Trend Prediction and Distributed Pattern Matching for M2M Data

PI : Prof. Shou-De Lin

Champion: Dr. Phillip B Gibbons



Sensor networks can provide rich contextual information about an environment which can be utilized to detect or predict events useful for making decisions in a given system. This is a clear departure from past systems which relied heavily on domain expert knowledge. In this work, the emphasis is on learning from data, and while the increase in number and diversity of sensors (and thus data sources) which makes this approach possible has opened the door to new applications, it has also introduced many fresh research challenges. Our group aims to develop a general model for Heterogeneous Sensor Networks (HSNs) which addresses these issues.



Event Detection/Prediction

We are designing a general event prediction model for heterogeneous sensor networks. This model is capable of predicting the occurrence of an event as well as its space/time position. For example, consider a traffic application. Given sensor data related to road conditions, we can predict where and when a traffic jam may occur as well as the probability of this occurrence.

Sensor Fault DetectionIn

a large-scale deployment of sensors, it is inevitable that there will be point failures and aberrations within the network. To address this issue, we are designing a framework for HSN-based anomaly detection. Using this framework, we can predict quantitatively which sensors have failed or malfunctioned.



Uniform Representation

 In an HSN environment, sensor type and data format (including meta-data) may be non-uniform throughout the network.

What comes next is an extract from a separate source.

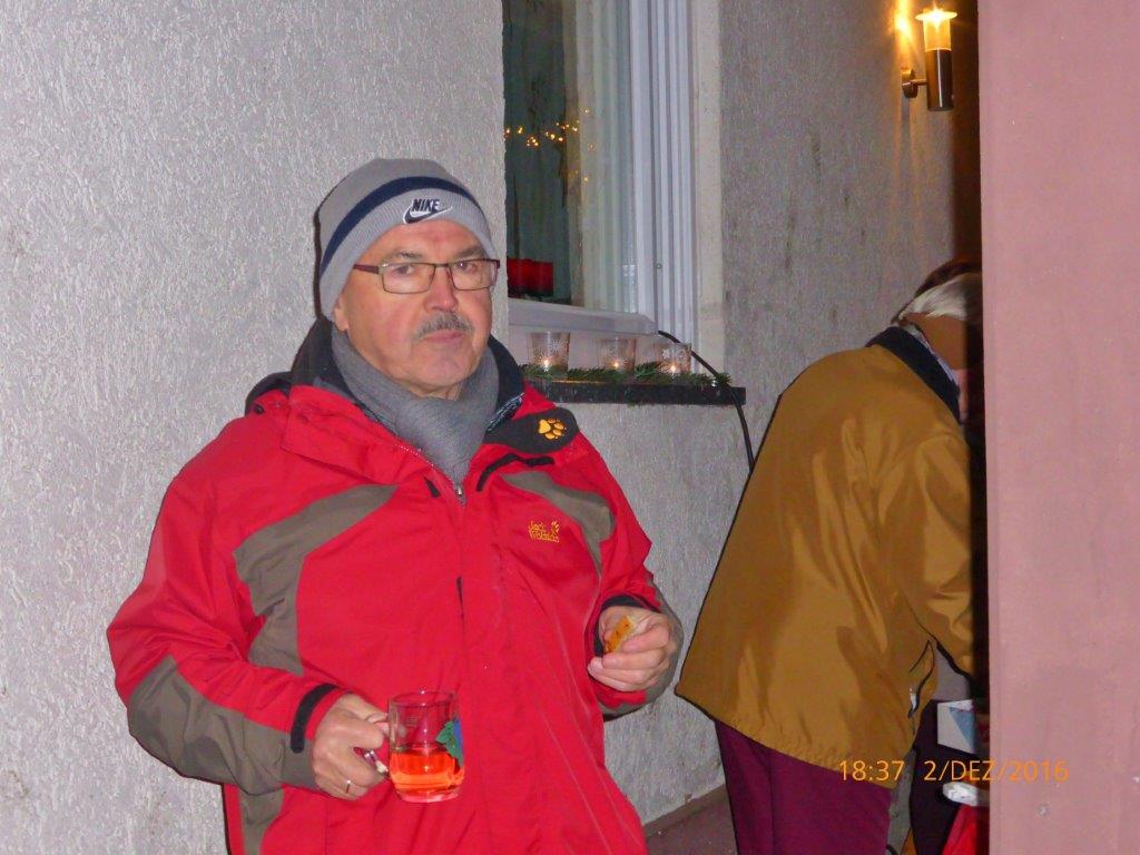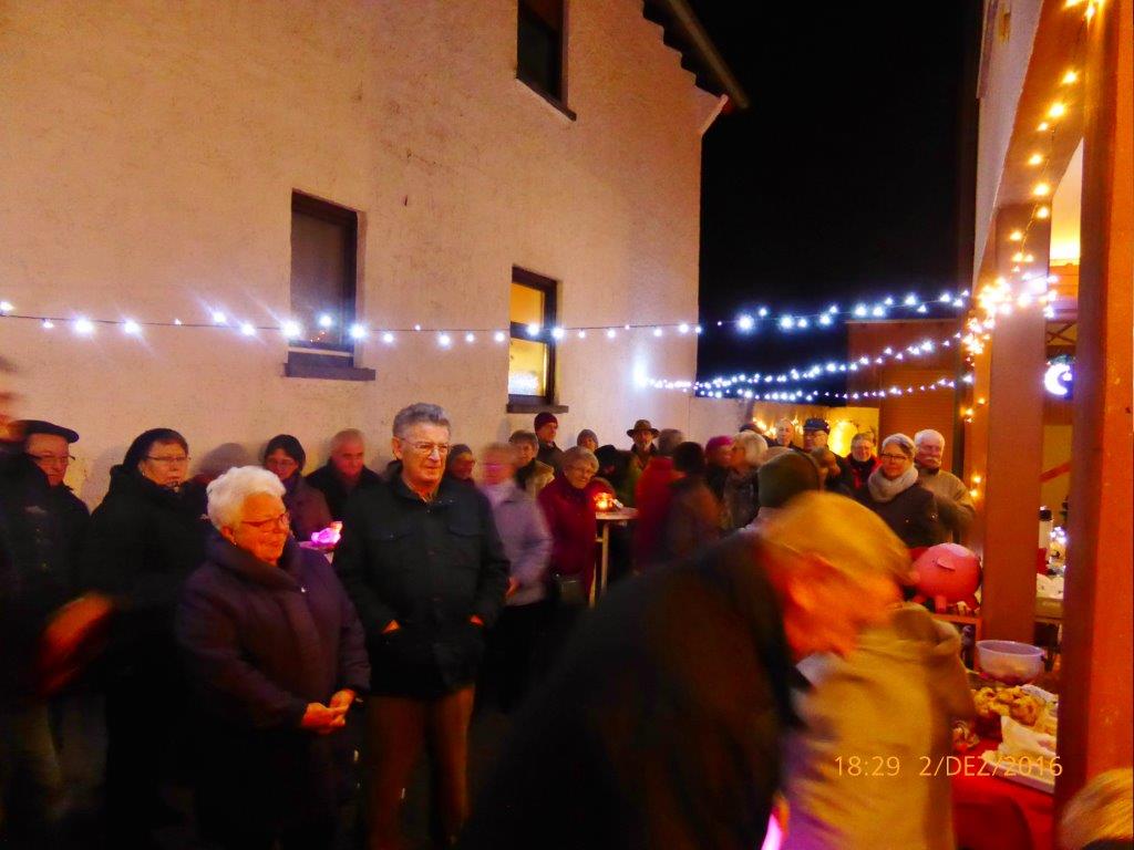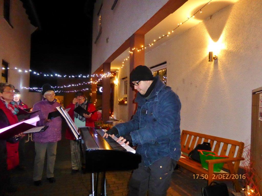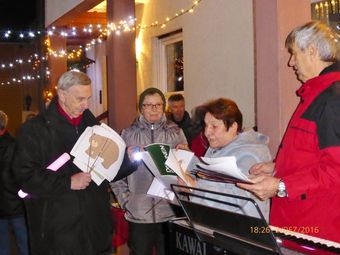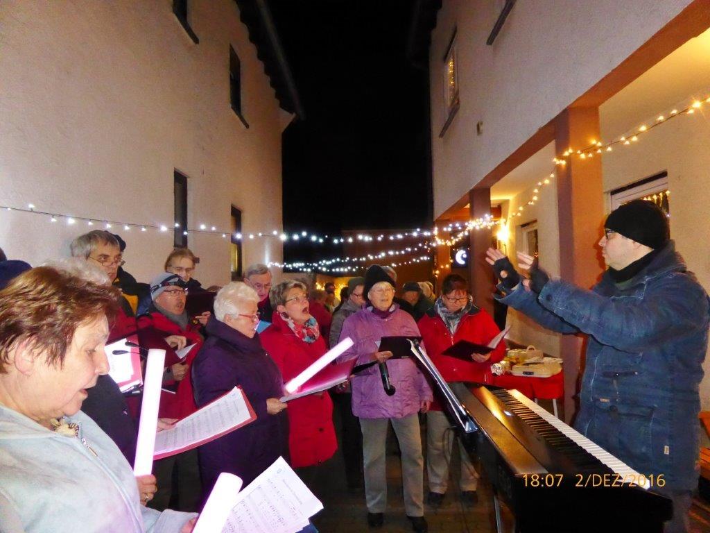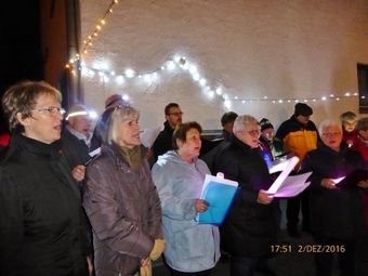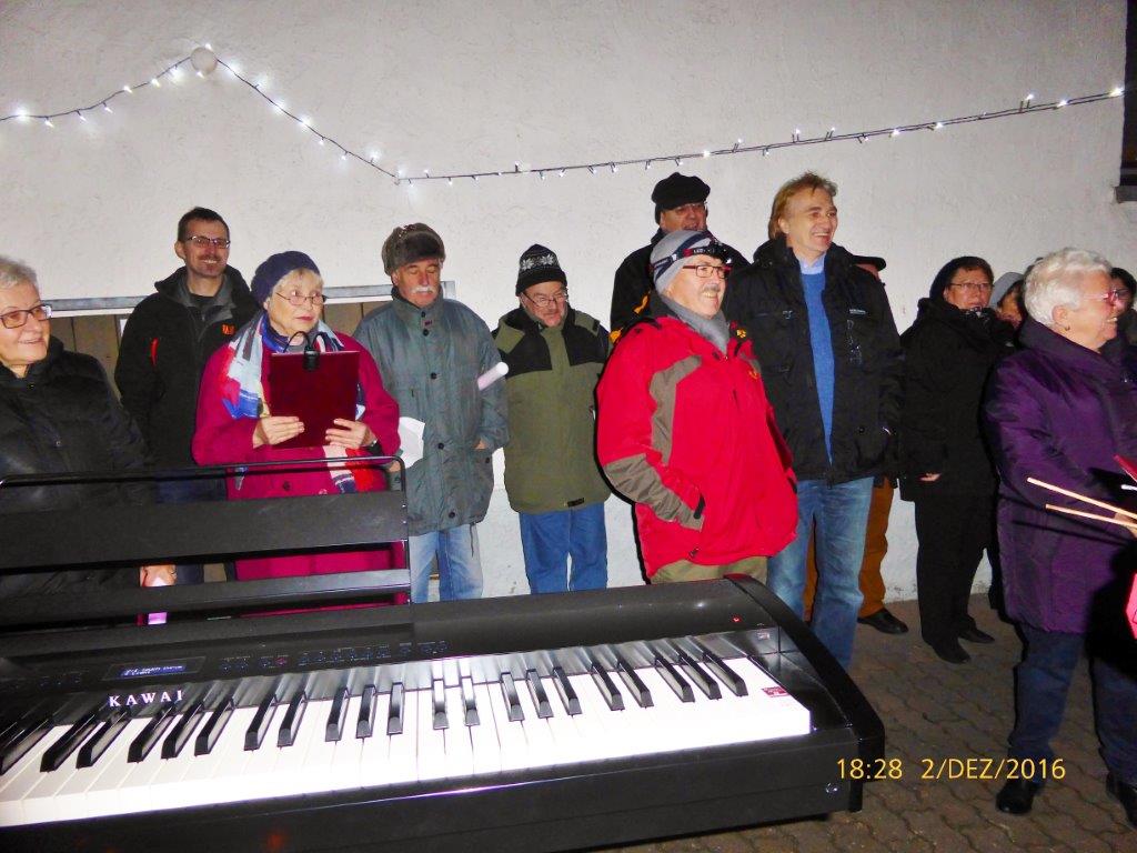 Am 2.12. beteiligte sich unser Chor am Adventsfenster und im Lichter geschmückten Hof von Hannelore und Harald Dürr trafen pünktlich um 18.00 Uhr die ersten Besucher ein. Mit unserem Dirigenten Aldo Martinez sangen wir vier Lieder und dann gemeinsam mit allen Anwesenden weitere Weihnachtslieder. Christa Jung-Wittiger hatte eine schöne Tiergeschichte parat, die sie mit lustigen Zeichnungen mit Hilfe ihres Mannes Wilfried Jung plastisch vortrug. Dann durfte das schön dekorierte Adventsfenster von Hannelore bewundert werden, bevor der Abend mit Glühwein, Punsch und verschiedenem Gebäck eine schöne Fortsetzung fand. Danke an alle, die wieder zum Gelingen dieses Abends beigetragen haben, unseren Besuchern und Familie Dürr, die uns wieder dankenswerter Weise ihren Hof zur Verfügung gestellt hatte.

How can these disparate data sources be efficiently and effectively normalized such that they can be used to facilitate event prediction?

Capturing Dependencies

In data mining of HSNs, the independent and identically distributed (i.i.d.) condition not only cannot be assumed, we almost certainly have that there is a dependency between the observations of a given sensor AND the observations between different sensors. How can these dependencies best be leveraged to identify malfunctioning sensors?

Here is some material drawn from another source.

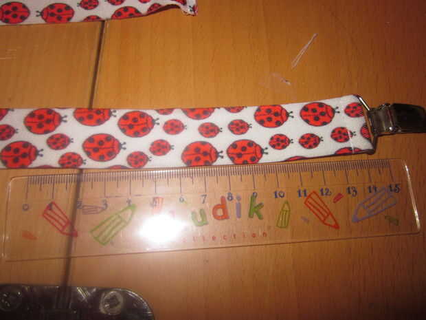 • usted toma su primer protector de manopla (clip aún conectado) y se corta el elástico por lo que es alrededor de 14cm de largo.

The large number of sensors involved in a given system as well as the frequency at which observations are taken combine to yield vast (and perhaps distributed) datasets which, in turn, invoke ever increasing computational complexity. How should one best address these issues?

Uncertainty and Noise

Data in HSNs is especially subject to noise and uncertainty. Does a given observation accurately reflect the measurand? With what certainty can we answer the previous question? How should missing data be handled?

Domain Knowledge

As HSNs are often deployed with some events or scenarios in mind, domain knowledge has in the past played an important role in the detect or prediction of events in the system. It is important when designing a general model for event prediction, however, that the methods not be tied to one specific application, but rather be extensible to a wide range of scenarios while being able to incorporate domain knowledge as needed.